After the operator is registered, run the following command to rebuild tf-serving. After successful rebuilding, the operator is successfully registered.

bash
bazel --output_user_root=./output build -c opt --distdir=./proxy \
   --define tflite_with_xnnpack=false \
   tensorflow_serving/model_servers:tensorflow_model_server

3.2 Enabling Operator Optimization and Graph Optimization

In the TensorFlow XLA path of the built server, use the patch script to enable the following patches:

bash
export TF_PATH="$HOME/serving/output/XXX/external/org_tensorflow"
export XLA_PATH="$HOME/serving/output/XXX/external/org_tensorflow/third_party/xla"
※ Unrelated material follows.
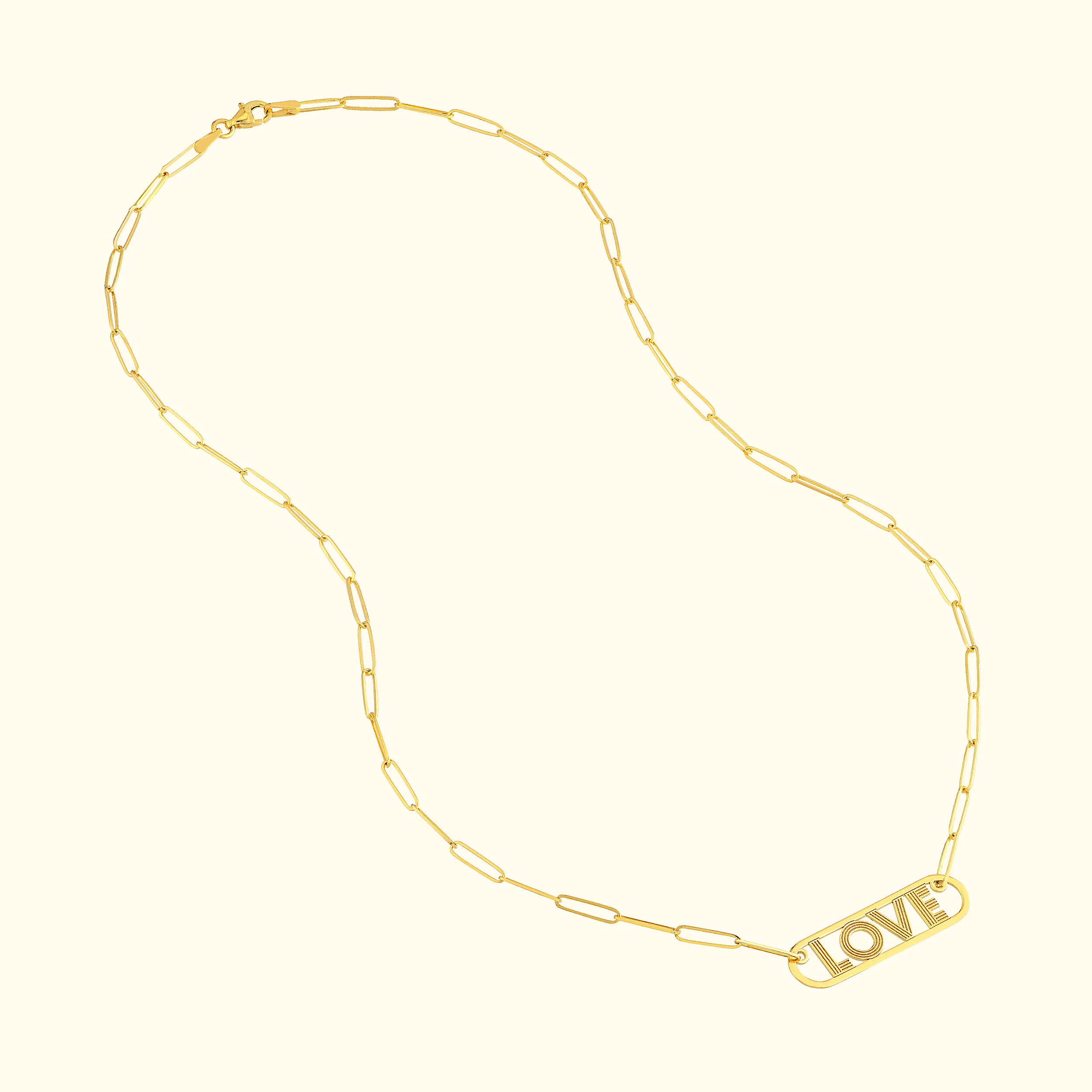 Time for romance. This necklace features a horizontal, block lined love plate on a handmade 2.6mm paper clip chain. Crafted in 14K gold.

# ANNC installed using method 1
cd /usr/include/annc/tfserver/xla

# Modify the first two lines of xla2.sh as follows
TF_PATCH_PATH="$ANNC" 
PATH_OF_PATCHES="$ANNC/xla"
export ANNC_PATH=/usr/include/annc
bash xla2.sh

# ANNC installed using method 2
cd $ANNC/install/tfserver/xla
export ANNC_PATH=$ANNC
bash xla2.sh

# Recompile
bazel --output_user_root=./output build -c opt --distdir=./proxy \
   --define tflite_with_xnnpack=false \
   tensorflow_serving/model_servers:tensorflow_model_server

3.3 Graph Optimization

Set environment variables and enable the optimization feature.

bash
export 'TF_XLA_FLAGS=--tf_xla_auto_jit=2 --tf_xla_cpu_global_jit --tf_xla_min_cluster_size=16'
export OMP_NUM_THREADS=1
export PORT=7004 #Port number
ANNC_FLAGS="--graph-opt" ENABLE_BISHENG_GRAPH_OPT="" ./bazel-bin/tensorflow_serving/model_servers/tensorflow_model_server 
--port=$PORT --rest_api_port=7005 
--model_base_path=/path/to/model_Boss/ 
--model_name=deepfm 
--tensorflow_intra_op_parallelism=1 --tensorflow_inter_op_parallelism=-1 
--xla_cpu_compilation_enabled=true

3.4 Operator Optimization

Configure the environment variable ANNC_FLAGS to enable MatMul offloading and leverage OpenBLAS optimizations. Then start TF-Serving and specify the target model.

bash
export 'TF_XLA_FLAGS=--tf_xla_auto_jit=2 --tf_xla_cpu_global_jit --tf_xla_min_cluster_size=16'
export OMP_NUM_THREADS=1
export PORT=7004 #Port number
ANNC_FLAGS="--gemm-opt"  XLA_FLAGS="--xla_cpu_enable_xnnpack=true" ./bazel-bin/tensorflow_serving/model_servers/tensorflow_model_server \
    --port=$PORT --rest_api_port=7005 \
    --model_base_path=/path/to/model_DeepFM/1730800001/ \
    --model_name=deepfm \
    --tensorflow_intra_op_parallelism=1 --tensorflow_inter_op_parallelism=-1 \
    --xla_cpu_compilation_enabled=true

3.5 Remapper (TensorFlow) Graph Fusion Optimization

This feature is developed based on the native TensorFlow framework and invokes the ANNC graph optimizer in the Remapper optimizer to perform graph fusion optimization.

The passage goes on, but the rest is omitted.